Kamipun kembali lagi pulang ke rumah setelah melihat kondisi toko kami yang sudah benar-benar habis. Tak ada barang-barang yang bisa diselamatkan.
Merasa ada sedikit trauma untuk kembali membuka usaha apalagi di tengah kondisi seperti ini. Belum tentu bisa cepat pulih kembali.
Berita-berita melalui siaran televisi menggambarkan betapa parahnya kondisi kota Jakarta, Tangerang dan Bekasi. Semua aktivitas masyarakat lumpuh. Situasi politik bergejolak. Kondisi chaos. Aparat keamanan tidak bisa berbuat apa-apa untuk mengendalikan situasi. Kerusuhan dan aksi demonstrasi merebak dimana-mana. Sistem perbankan lumpuh. Untuk mengambil uang di ATM pun kita harus antri panjang dan dibatasi maksimal hanya bisa menarik satu juta Rupiah saja dan itu pun tidak di semua ATM bisa dilakukan penarikan.
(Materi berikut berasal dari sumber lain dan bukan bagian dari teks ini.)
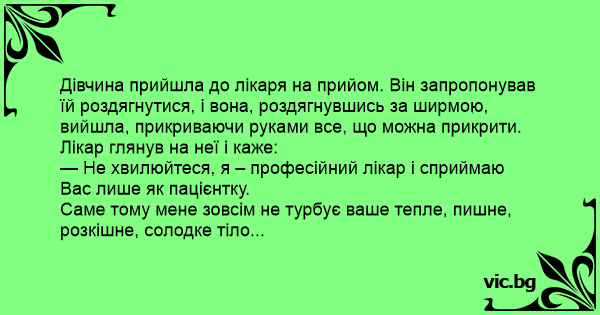 — Не хвилюйтеся, я – професійний лікар і сприймаю Вас лише як пацієнтку.

Tanggal 15 Mei 1998 sore hari. Panglima Kodam Jaya  beserta jajarannya baru mulai terlihat berkonvoi dengan beberapa kendaraan panser di jalanan ibukota untuk memantau situasi keamanan.
Penjarahan dan pembakaran sudah mulai tampak reda tapi perasaan takut masih menghantui kami semua. Di mana-mana hanya terlihat onggokan puing-puing kendaraan terbakar dan bangunan-bangunan menghitam bekas kebakaran.
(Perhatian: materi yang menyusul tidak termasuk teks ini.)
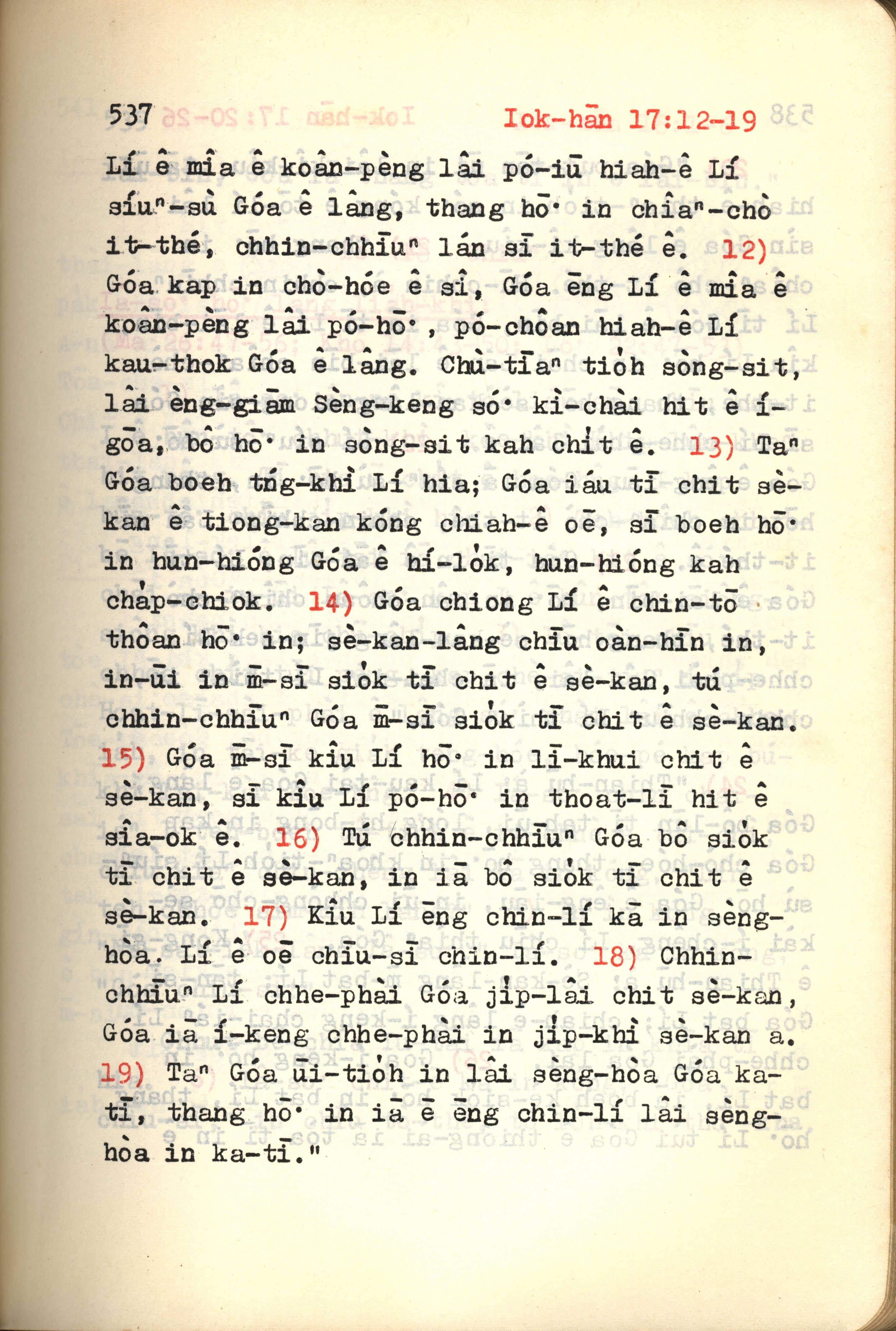 1972年新约红皮圣经 约翰福音 17 章 12 节到 17 章 19 节

Kami tiduran di kasur lipat yang dipinjamkan oleh saudaraku. Terasa badan sangat lelah sekali apalagi dalam dua hari terakhir tidak bisa tidur dikarenakan harus berjaga-jaga di dalam komplek perumahan.
"Sudahlah jangan kita pikirkan lagi kejadian kemarin, kita mulai lagi, yang penting keluarga kita semua selamat," kataku terus menenangkan istriku.
Anak-anak sudah tertidur lelap. Mungkin mereka pun belum begitu memahami kondisi yang terjadi.
"Jika kondisi masih belum pulih mungkin sebaiknya kamu dan anak-anak pulang dulu ke Bangka supaya anak-anak kita bisa bersekolah dulu di sana, sambil menunggu kondisi kembali aman," kataku kepada istri.
Dia hanya terdiam saja tanpa bisa berkata apa-apa.
"Nanti aku antarkan kalian pulang ke Bangka setelah itu aku kembali lagi ke sini sambil cari-cari kerja apa untuk biaya hidup kita nanti."